>>
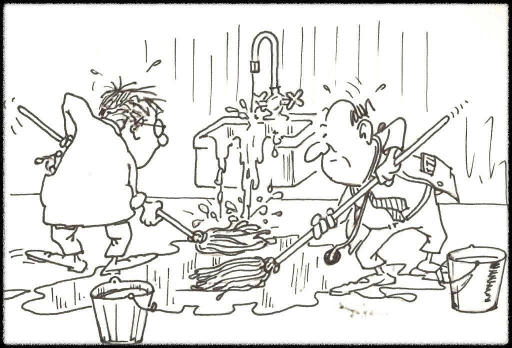 고혈압, 당뇨, 고지혈증 문제에 근본적인 접근을 하지 않고 약에 의존하는 것은, 윗 그림처럼 싱크대 위에서 물이 흐르는 수도꼭지는 잠그지 않고, 물이 넘쳐흐른 바닥만 열심히 청소하는 것처럼 헛된 일이다.
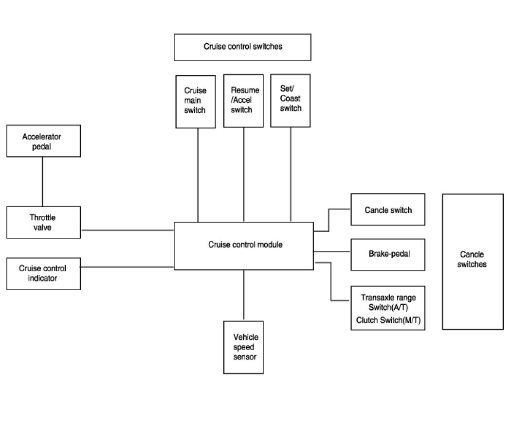 Transaxle range switch and brake switch are provided to disengage the cruise control system. The switches are on brake pedal bracket and transaxle. When the brake pedal depressed or select lever shifted, the cruise control system is electrically disengaged and the throttle is returned to the idle position.
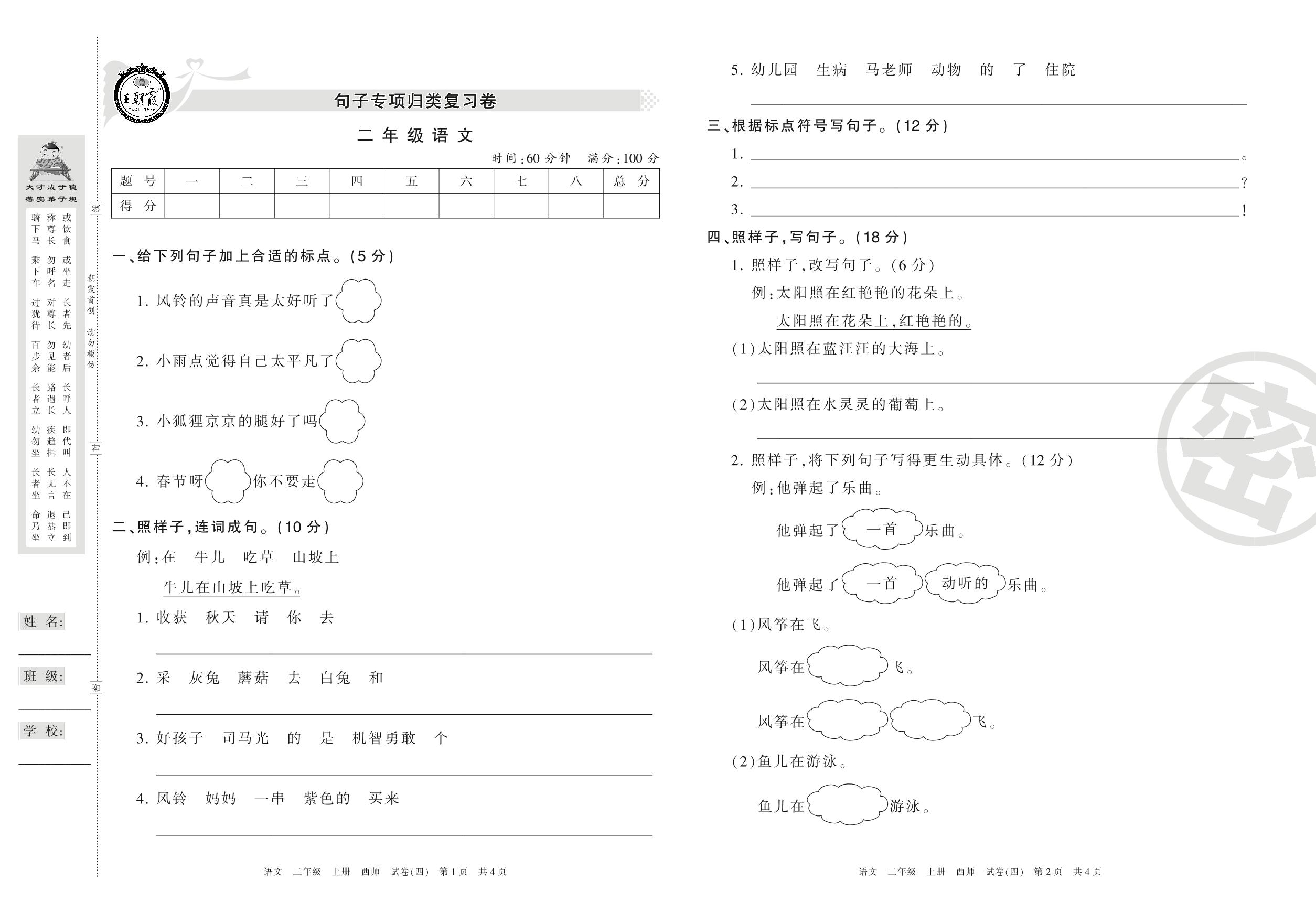 王朝霞期末专项卷二年级上册语文(西师版)_R21080174731【4】
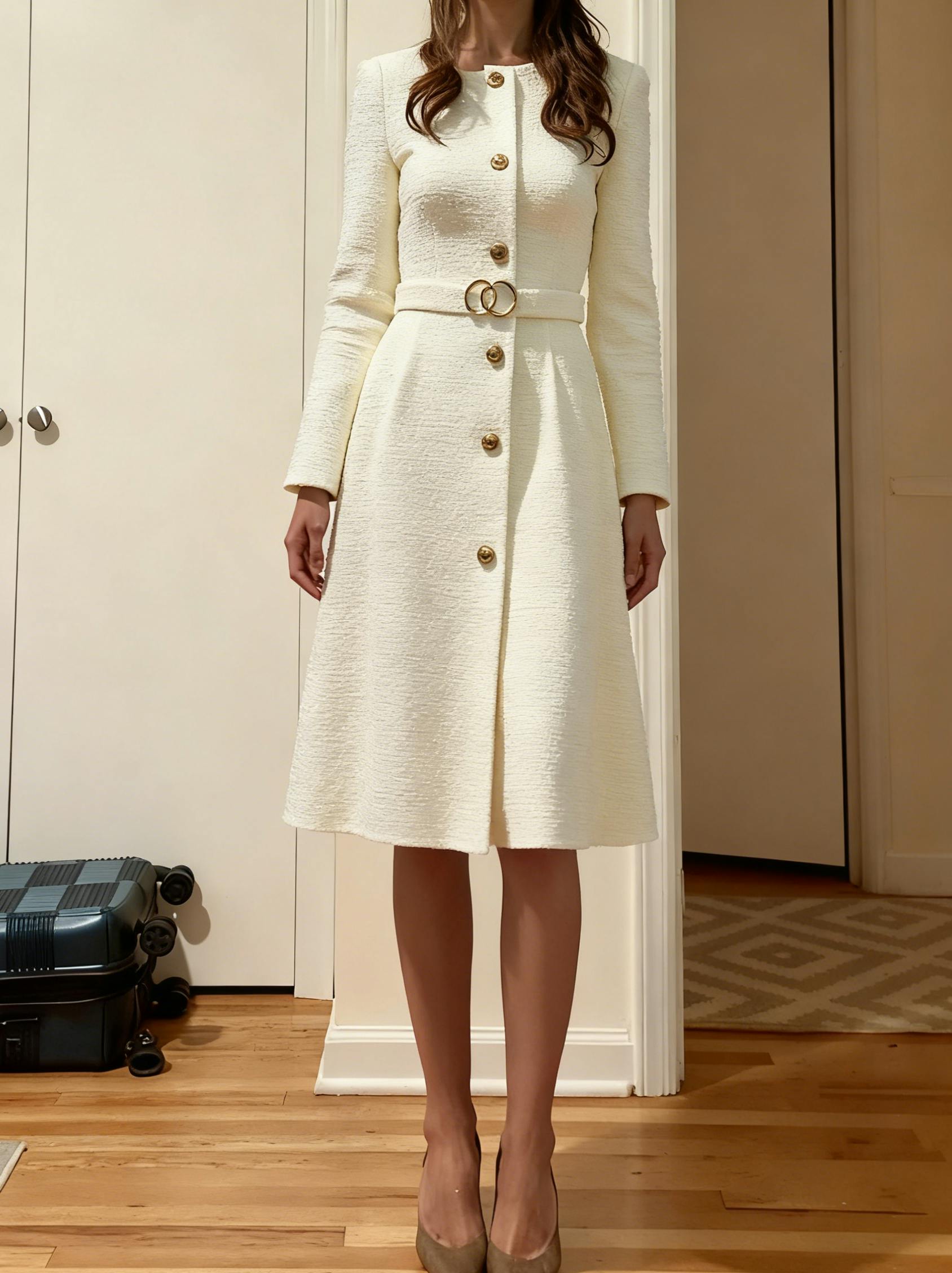 Tweed Ivory Long Sleeves Round Neck Midi Work Dress with Belt
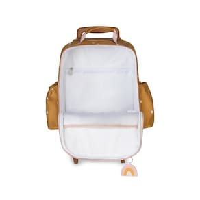Mochila de rodinhas MasterBag que conta com bolso frontal com fechamento em zíper, bolsos laterais com elástico, compartimento grande com fechamento em zíper. Alça de mão, sem alça de costas, silk frontal e etiquetas personalizadas.
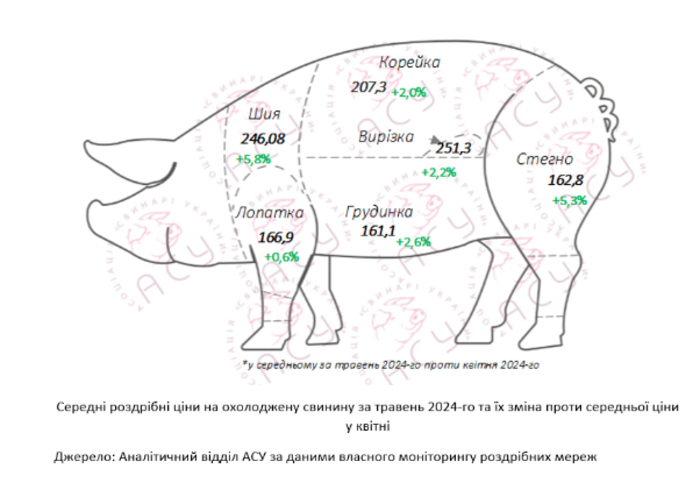 В мае 2024 года цены на свинину в национальных торговых сетях были выше, чем в апреле. Об этом сообщили в аналитическом отделе ассоциации "Свиноводы Украины" (АСУ).
<<
### Task brief
Start with the line with "Transaxle range switch" in the listing above and stop after the line with "Mochila de rodinhas". Write out exactly the lines in that stretch and no others, without pictures.

### Solution to this task
 Transaxle range switch and brake switch are provided to disengage the cruise control system. The switches are on brake pedal bracket and transaxle. When the brake pedal depressed or select lever shifted, the cruise control system is electrically disengaged and the throttle is returned to the idle position.
 王朝霞期末专项卷二年级上册语文(西师版)_R21080174731【4】
 Tweed Ivory Long Sleeves Round Neck Midi Work Dress with Belt
Mochila de rodinhas MasterBag que conta com bolso frontal com fechamento em zíper, bolsos laterais com elástico, compartimento grande com fechamento em zíper. Alça de mão, sem alça de costas, silk frontal e etiquetas personalizadas.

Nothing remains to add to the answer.